### [Data for processing]
◆ ◆ ◆ ◆ ◆
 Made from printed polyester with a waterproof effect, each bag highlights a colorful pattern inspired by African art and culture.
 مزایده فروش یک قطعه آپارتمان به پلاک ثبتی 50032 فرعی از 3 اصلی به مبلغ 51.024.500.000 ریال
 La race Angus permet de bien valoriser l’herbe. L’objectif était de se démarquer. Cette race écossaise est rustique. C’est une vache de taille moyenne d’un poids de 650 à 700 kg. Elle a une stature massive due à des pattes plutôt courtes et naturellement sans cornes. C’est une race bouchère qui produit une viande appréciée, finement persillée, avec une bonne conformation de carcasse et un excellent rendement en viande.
◆ ◆ ◆ ◆ ◆
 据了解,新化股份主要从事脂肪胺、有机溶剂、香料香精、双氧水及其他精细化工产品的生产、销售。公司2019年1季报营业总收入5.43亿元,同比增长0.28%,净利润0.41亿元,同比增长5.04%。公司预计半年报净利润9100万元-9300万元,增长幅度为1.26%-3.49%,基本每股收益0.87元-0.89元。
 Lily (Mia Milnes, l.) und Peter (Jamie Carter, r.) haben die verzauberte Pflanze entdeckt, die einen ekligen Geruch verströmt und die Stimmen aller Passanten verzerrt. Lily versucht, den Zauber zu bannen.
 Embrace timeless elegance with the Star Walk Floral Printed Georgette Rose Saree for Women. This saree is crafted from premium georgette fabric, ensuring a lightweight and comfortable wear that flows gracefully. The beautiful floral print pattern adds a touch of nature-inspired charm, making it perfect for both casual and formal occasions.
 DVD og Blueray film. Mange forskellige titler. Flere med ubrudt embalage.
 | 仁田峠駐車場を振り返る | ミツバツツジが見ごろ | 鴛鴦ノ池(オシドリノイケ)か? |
◆ ◆ ◆ ◆ ◆
### [Assignment]
Find every line of the data that holds the string "pattern", then say how many there are and nothing else.

### [Response for this exercise]
2